** WHAT THE TASK ASKS **
Below are the records to retype. Keep every character exactly and leave out the pictures.

================

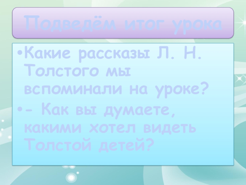 Подведём итог урокаКакие рассказы Л. Н. Толстого мы вспоминали на уроке?- Как вы думаете, какими хотел видеть
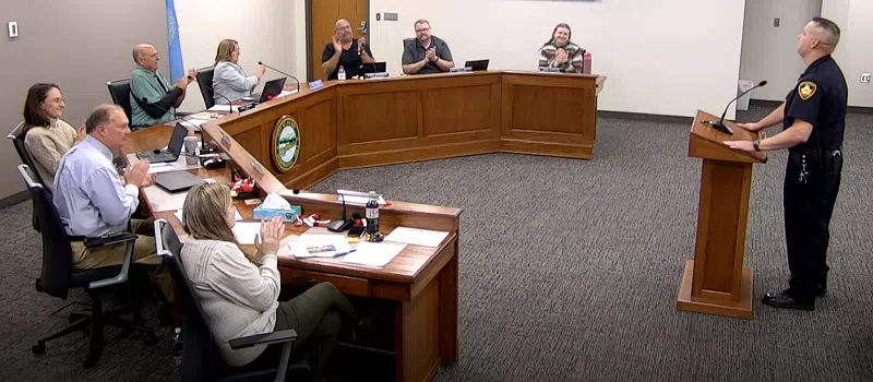 Pierre city commissioners and city officials applaud after hearing from retiring Police Chief Jason Jones. Jones will retire on Nov. 7, 2025.
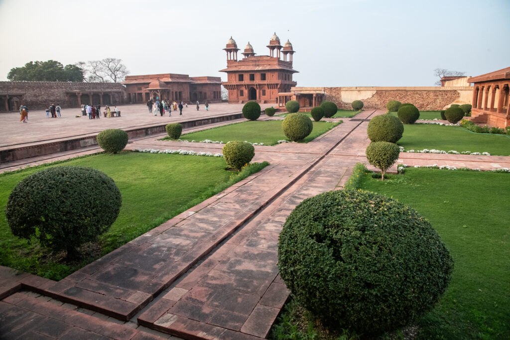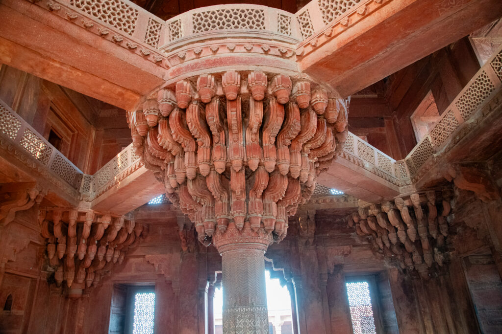 There are a number of impressive monuments in this place: a vast mosque containing a tomb; a delicate white marble structure; a small, screened structure intended for royal women; the Hall of Private Audience, which was built by Akbar, featuring a central pillar topped with a large carved capital that supports a walkway; the Palace of Jodha Bai, which is the largest and most important building of the Imperial residential complex named after Akbar’s Hindu Rajput wife, which has richly carved interior pillars, balconies, perforated stone windows, and an azure-blue ribbed roof on the north and south sides; and a large, open pavilion where the emperor met the public.
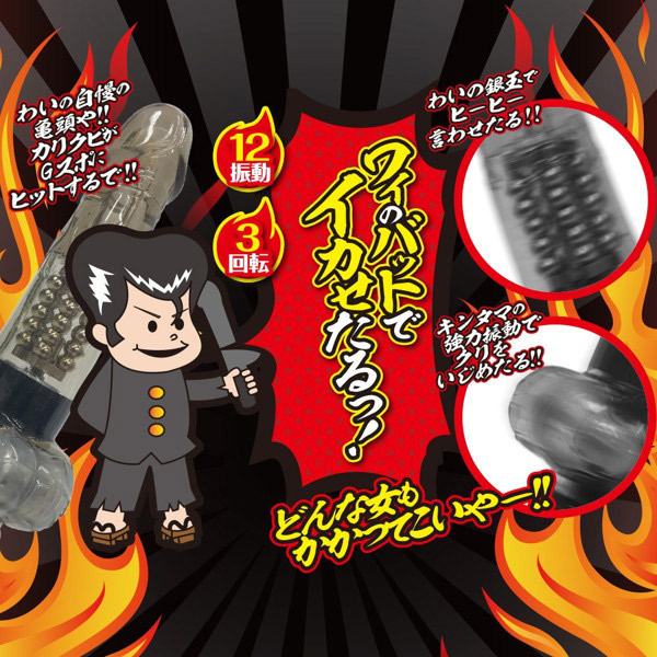 潮吹き上等!ヒィヒィいわせるパール内蔵スイングバイブ「イカす!番長バイブ スモーク」。●ツルンと細身のクリアスモークボディ●自慢のカリクビ亀頭でGスポ責め●ぴっしり銀玉パールで回転責め●強力振動の玉袋型クリバイブ●12振動&3段階の回転スピード●スイングはリバース機能搭載●振動とスイングは個別に操作可能●単四電池×3本付属(動作確認用)。ワイのバットでイカせたるっ!パール&回転機能を搭載した二点責めバイブレーター。亀頭のカリはしっかりと張っていますが、挿入しやすい細身フォルムで初心者の方でも安心です。
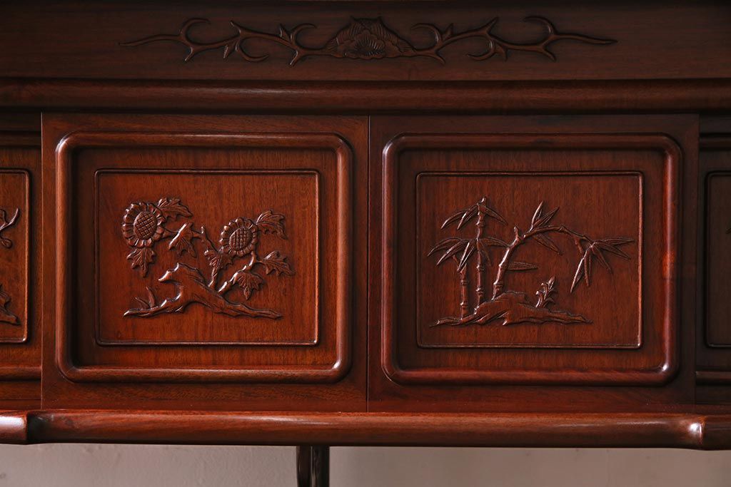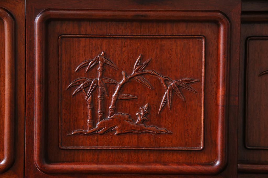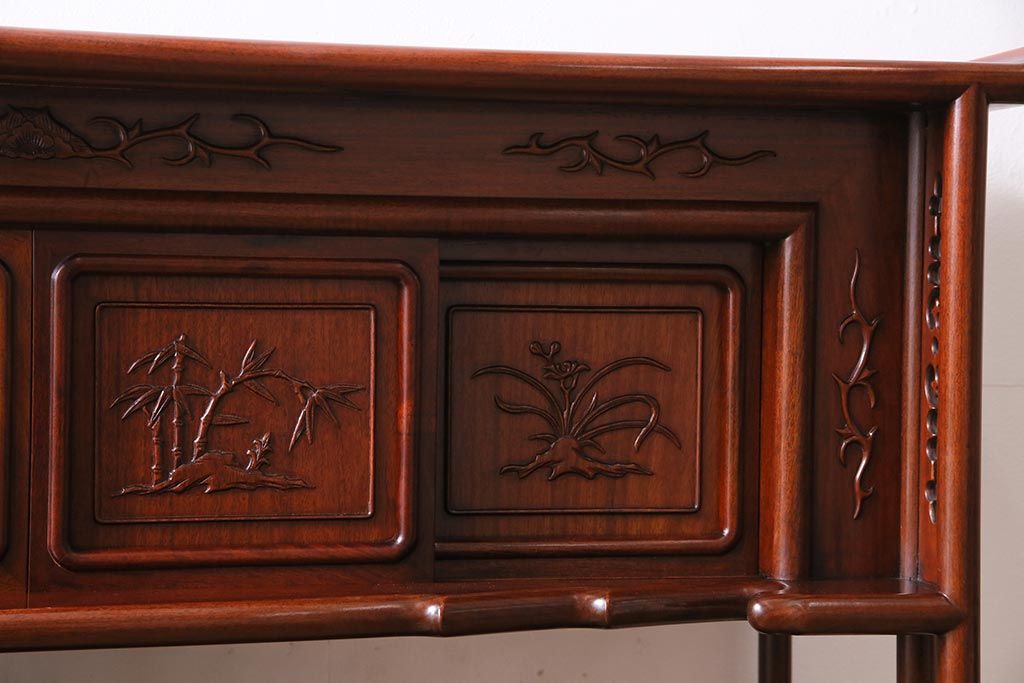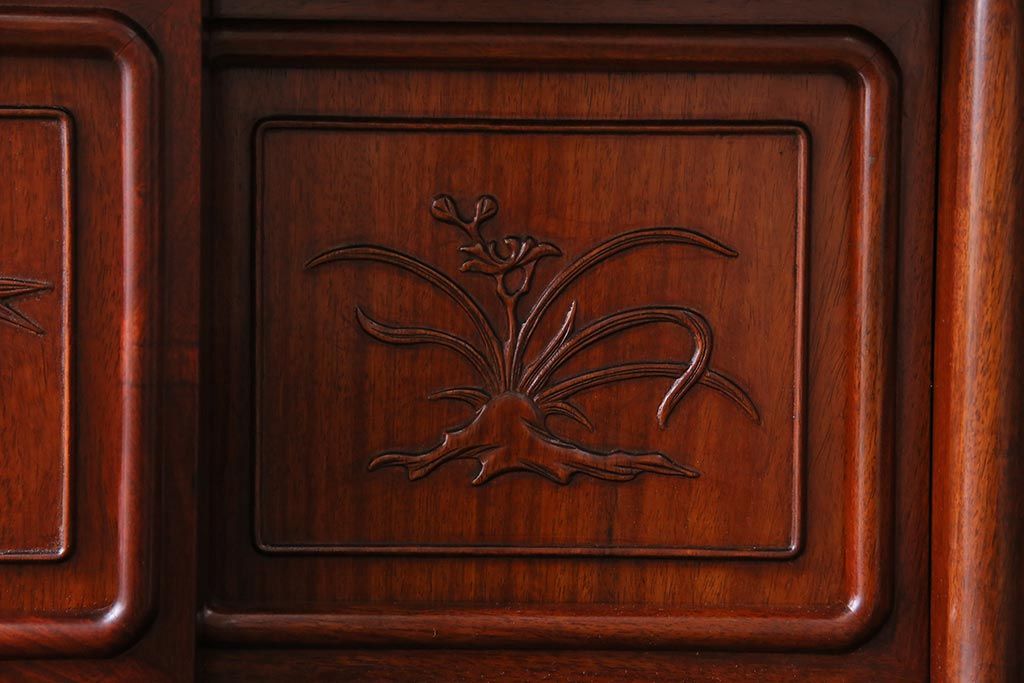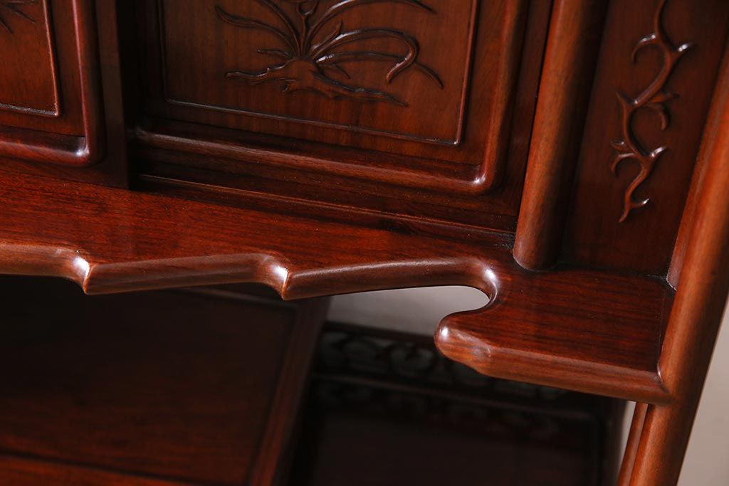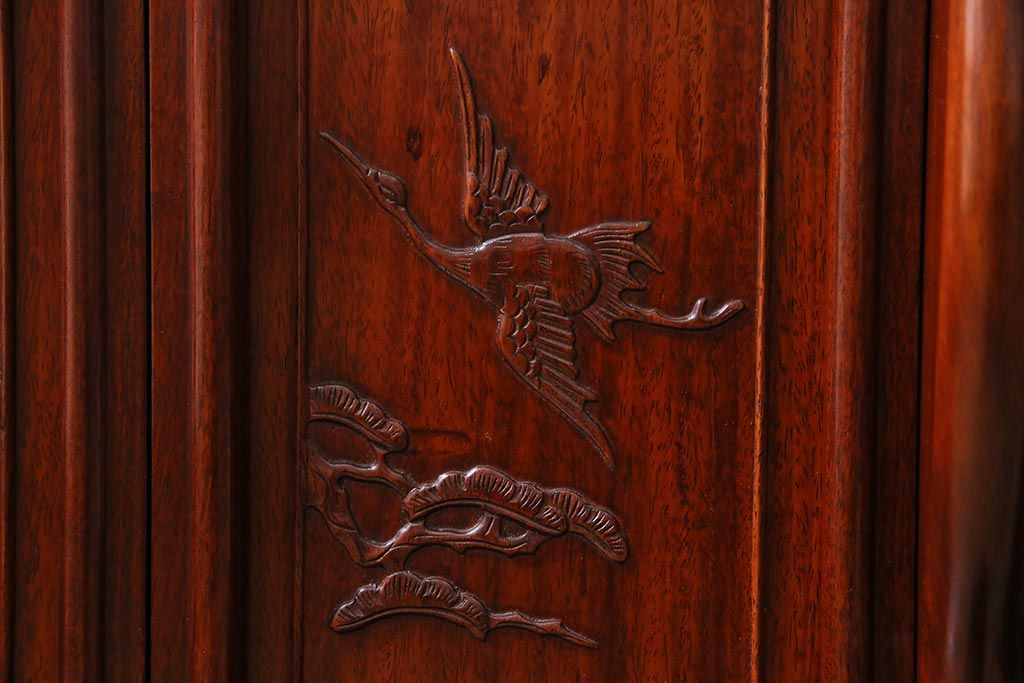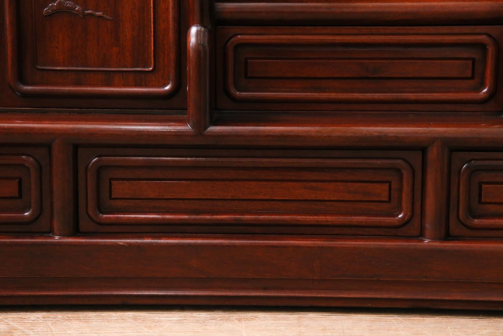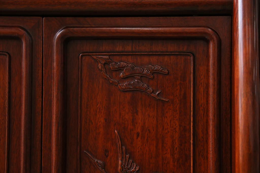 ビンテージ家具 和製ビンテージ 唐木 カリン材 赤みを帯びた木肌が美しい飾り棚(茶棚、陳列棚、花梨材)(R-044563)

================

** OUTPUT OF THE EXERCISE **
 Подведём итог урокаКакие рассказы Л. Н. Толстого мы вспоминали на уроке?- Как вы думаете, какими хотел видеть
 Pierre city commissioners and city officials applaud after hearing from retiring Police Chief Jason Jones. Jones will retire on Nov. 7, 2025.
 There are a number of impressive monuments in this place: a vast mosque containing a tomb; a delicate white marble structure; a small, screened structure intended for royal women; the Hall of Private Audience, which was built by Akbar, featuring a central pillar topped with a large carved capital that supports a walkway; the Palace of Jodha Bai, which is the largest and most important building of the Imperial residential complex named after Akbar’s Hindu Rajput wife, which has richly carved interior pillars, balconies, perforated stone windows, and an azure-blue ribbed roof on the north and south sides; and a large, open pavilion where the emperor met the public.
 潮吹き上等!ヒィヒィいわせるパール内蔵スイングバイブ「イカす!番長バイブ スモーク」。●ツルンと細身のクリアスモークボディ●自慢のカリクビ亀頭でGスポ責め●ぴっしり銀玉パールで回転責め●強力振動の玉袋型クリバイブ●12振動&3段階の回転スピード●スイングはリバース機能搭載●振動とスイングは個別に操作可能●単四電池×3本付属(動作確認用)。ワイのバットでイカせたるっ!パール&回転機能を搭載した二点責めバイブレーター。亀頭のカリはしっかりと張っていますが、挿入しやすい細身フォルムで初心者の方でも安心です。
 ビンテージ家具 和製ビンテージ 唐木 カリン材 赤みを帯びた木肌が美しい飾り棚(茶棚、陳列棚、花梨材)(R-044563)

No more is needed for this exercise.